Fig. 6 |. Involvement of long non-coding RNAs in genetic diseases.

a, The human EN1 locus, which encodes a homeobox transcription factor (TF). EN1 harbours recessive coding mutations in an individual with limb and brain malformations, whereas far-upstream biallelic non-coding deletions (or a compound heterozygous deletion and insertion not shown here) cause dorsal-limb malformations. Maenli is a mouse long non-coding RNA (lncRNA) mapped to the orthologous minimal deleted region in humans.

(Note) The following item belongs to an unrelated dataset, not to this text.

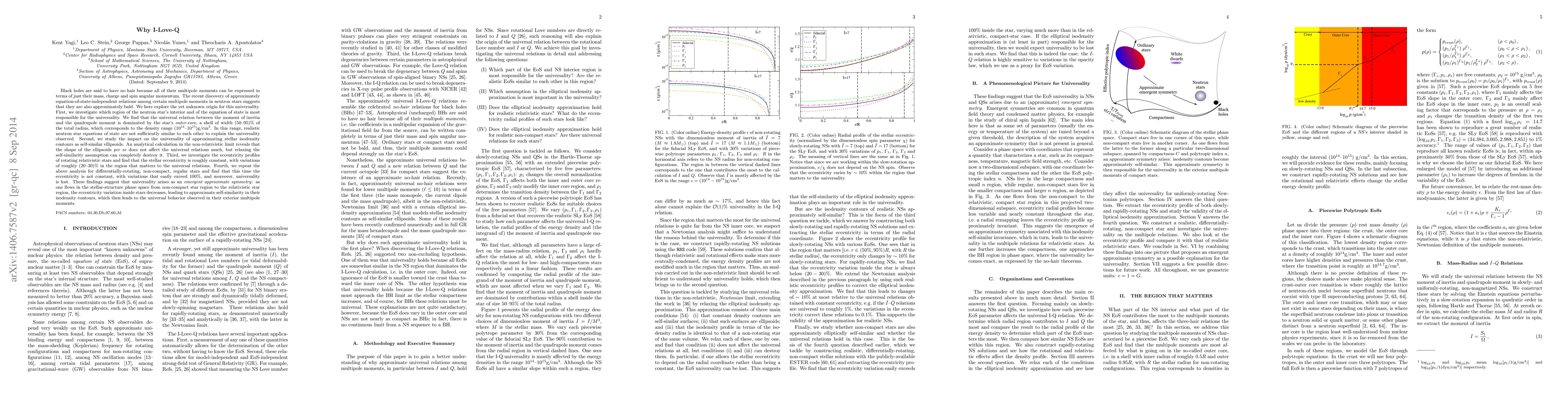 Black holes are said to have no hair because all of their multipole moments can be expressed in terms of just their mass, charge and spin angular momentum. The recent discovery of approximately equation-of-state-independent relations among certain multipole moments in neutron stars suggests that they are also approximately bald. We here explore the yet unknown origin for this universality. First, we investigate which region of the neutron star's interior and of the equation of state is most responsible for the universality. We find that the universal relation between the moment of inertia and the quadrupole moment is dominated by the star's outer-core, a shell of width (50-95)% of the total radius, which corresponds to the density range $(10^{14}$-$10^{15})$g/cm$^3$. Second, we study the impact on the universality of approximating stellar isodensity contours as self-similar ellipsoids. An analytical calculation in the Newtonian limit reveals that the shape of the ellipsoids does not affect the universal relations, but relaxing the self-similarity assumption can completely destroy it. Third, we investigate the eccentricity profiles of rotating relativistic stars and find that the ellipticity is roughly constant, with variations of roughly (20-30)% in the region that matters to the universal relations. Fourth, we repeat the above analysis for non-compact, regular stars and find that the ellipticity is not constant, with variations that easily exceed 100% and universality is lost. These findings suggest that universality arises as an emergent approximate symmetry: as one flows in the stellar-structure phase space from non-compact star region to the relativistic star region, the eccentricity variation inside stars decreases, leading to approximate self-similarity in their isodensity contours, which then leads to the universal behavior observed in their exterior multipole moments.

Deletion of the Maenli promoter, or insertion of polyadenylation signals of transcription termination, recapitulate limb malformations and lead to reduced En1 expression, whereas an inverted termination signal has no effect. b, Transcription stabilizers control dosage-sensitive TF genes. Small deviations in the expression levels of certain TFs can be caused by heterozygous loss-of-function mutations or duplications of TF genes, or by biallelic loss of function of the stabilizer lncRNA, causing abnormal cellular transcription with organismal phenotypes. In several examples, the defects in stabilizer lncRNAs and the dosage alterations of their target genes have the same phenotype (Table 1). c, An expression quantitative trait locus (eQTL), in which a single nucleotide variant (SNV) influences expression of a lncRNA (left). rs10000X is depicted as the identifier of a fictitious regulatory SNV that is causal for this eQTL. The two graphs on the right depict statistically significant P values of a group of adjacent SNVs for association with the presence of the autoimmune disease systemic lupus erythematosus (SLE) (top) or with a lncRNA eQTL detected in T cell lymphocytes, a cell type that is relevant to SLE (bottom). The co-localization of both sets of association P values means that the lncRNA is a plausible mediator of the disease association. Several hundred instances such as this have been identified, indicating that variation in lncRNA expression contributes to the susceptibility of common diseases. GWAS, genome-wide association studies.